Problem requirements ::
Could you print, exactly and without pictures, only the lines from the one with "春夏時節中華民族先祖活動的重" through the end of the records below?

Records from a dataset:
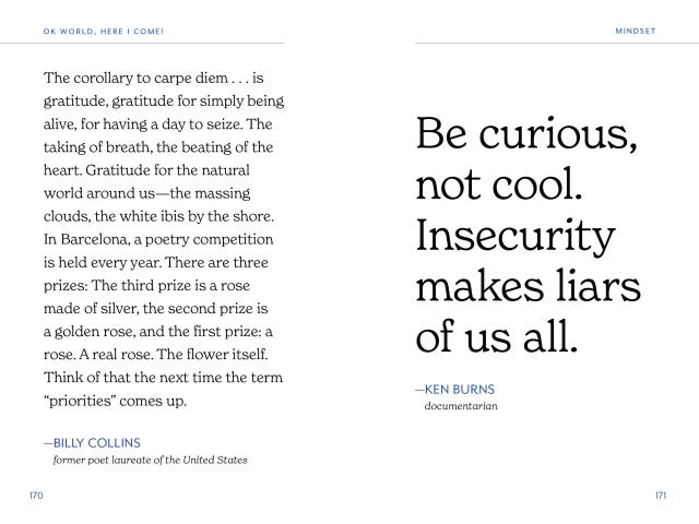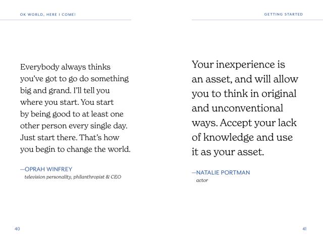 OK, World, Here I Come! is an invaluable book for graduates as they launch into the next chapter of life. Organized by themes such as Self-Care, Success & Failure, Work Ethic, and more, each quote is carefully selected to evoke confidence, motivation, and encouragement for the reader.
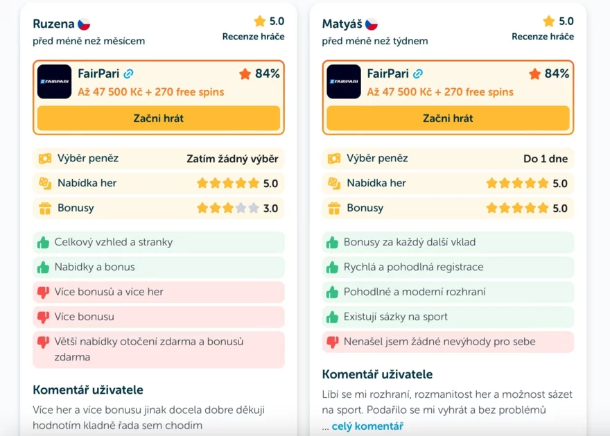 Hráči v recenzích zmiňují především přehledné prostředí a silný vstupní bonus, který je kombinací finanční částky a free spinů. FairPari působí jako casino s potenciálem, které si teprve buduje dlouhodobou reputaci mezi českými hráči.
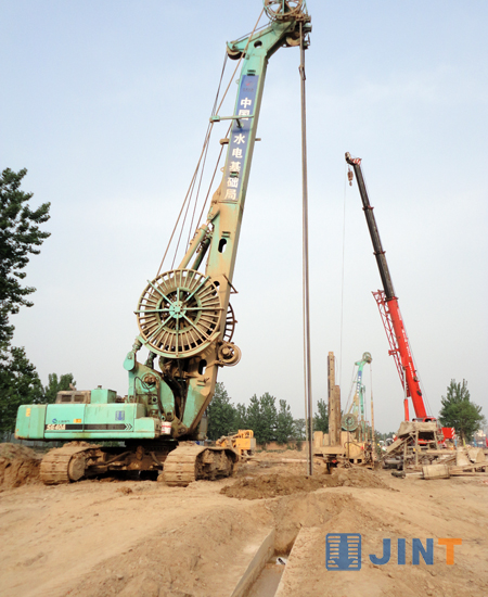 春夏時節中華民族先祖活動的重要地區的河南省鄭州市機器轟鳴,鑼鼓喧囂,隨著一臺臺連續墻液壓抓斗到場施工,“引黃灌溉龍湖調蓄工程”(以下簡稱“龍湖工程”)中的地下防滲墻工程已全面開展。鄭東新區——鄭州未來的商業文化住宅中心,迎來了前所未有的發展良機,作為鄭汴一體化的重要環節,整個中原地區均將目光匯聚于此,該工程竣工后,將與現在2000多畝的國家森林公園共同構成新的城市核心生態區。目前已有上海金泰工程機械有限公司多種規格包括SG22、SG35A、SG40A、SG46連續墻液壓抓斗28臺參與“龍湖工程”施工,整個防滲墻項目一半以上的工程均采用了金泰液壓抓斗,并得到了施工單位和甲方的一致認可。
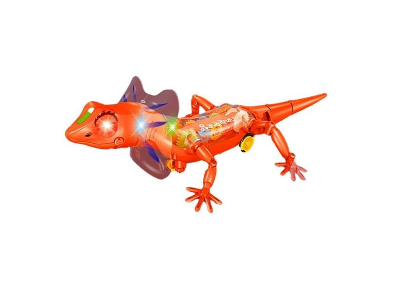 Simulação de brinquedo mecânico elétrico de lagarto com luzes de som
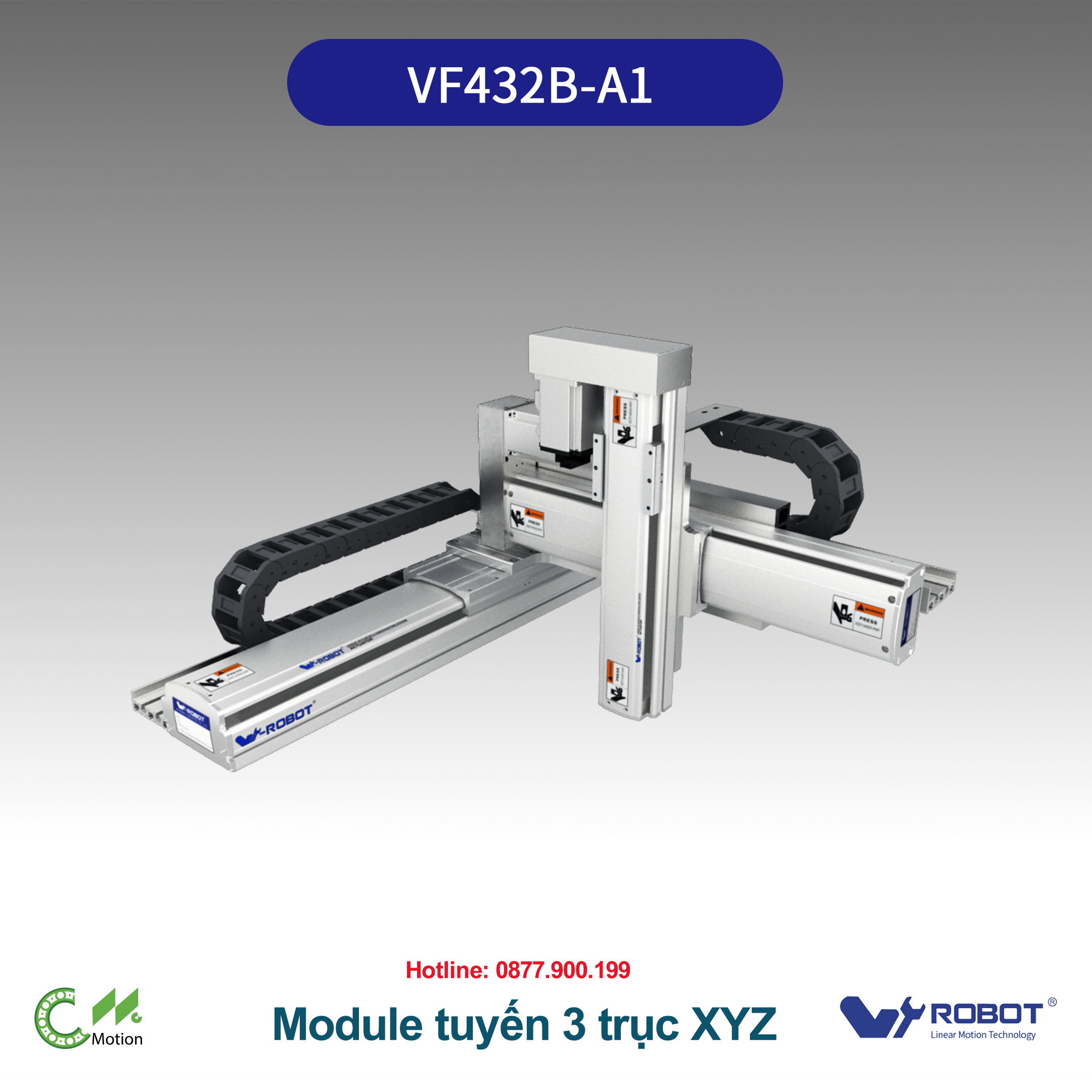 CNC Motion Việt Nam – Đại lý W-Robot: cung cấp bộ XYZ lắp sẵn, tùy biến hành trình, bàn gá, EOAT và tủ điều khiển theo yêu cầu. *Hành trình/tốc độ là giá trị tham chiếu từ datasheet minh hoạ; có thể tùy biến theo yêu cầu. **Tải phụ thuộc hành trình, tốc độ, EOAT và độ cứng gá đặt. Phiên bản tối ưu cho không gian hẹp, phù hợp dán nhãn – cấp liệu – pick & place tốc độ cao với EOAT nhẹ. Hành trình/tốc độ tương đương nhóm nhỏ (X~800, Y~300, Z~100 mm; X/Y~800 mm/s; Z~500 mm/s). Luôn sử dụng chặn cơ khí hai đầu và giới hạn mềm trong PLC/drive; trục Z bắt buộc có phanh cho chế độ an toàn khi mất điện.VF Series – Bộ truyền động tuyến tính 3 trục XYZ, chuẩn công nghiệp, dựng sẵn khung & cáp kéo

Reply ::
 春夏時節中華民族先祖活動的重要地區的河南省鄭州市機器轟鳴,鑼鼓喧囂,隨著一臺臺連續墻液壓抓斗到場施工,“引黃灌溉龍湖調蓄工程”(以下簡稱“龍湖工程”)中的地下防滲墻工程已全面開展。鄭東新區——鄭州未來的商業文化住宅中心,迎來了前所未有的發展良機,作為鄭汴一體化的重要環節,整個中原地區均將目光匯聚于此,該工程竣工后,將與現在2000多畝的國家森林公園共同構成新的城市核心生態區。目前已有上海金泰工程機械有限公司多種規格包括SG22、SG35A、SG40A、SG46連續墻液壓抓斗28臺參與“龍湖工程”施工,整個防滲墻項目一半以上的工程均采用了金泰液壓抓斗,并得到了施工單位和甲方的一致認可。
 Simulação de brinquedo mecânico elétrico de lagarto com luzes de som
 CNC Motion Việt Nam – Đại lý W-Robot: cung cấp bộ XYZ lắp sẵn, tùy biến hành trình, bàn gá, EOAT và tủ điều khiển theo yêu cầu. *Hành trình/tốc độ là giá trị tham chiếu từ datasheet minh hoạ; có thể tùy biến theo yêu cầu. **Tải phụ thuộc hành trình, tốc độ, EOAT và độ cứng gá đặt. Phiên bản tối ưu cho không gian hẹp, phù hợp dán nhãn – cấp liệu – pick & place tốc độ cao với EOAT nhẹ. Hành trình/tốc độ tương đương nhóm nhỏ (X~800, Y~300, Z~100 mm; X/Y~800 mm/s; Z~500 mm/s). Luôn sử dụng chặn cơ khí hai đầu và giới hạn mềm trong PLC/drive; trục Z bắt buộc có phanh cho chế độ an toàn khi mất điện.VF Series – Bộ truyền động tuyến tính 3 trục XYZ, chuẩn công nghiệp, dựng sẵn khung & cáp kéo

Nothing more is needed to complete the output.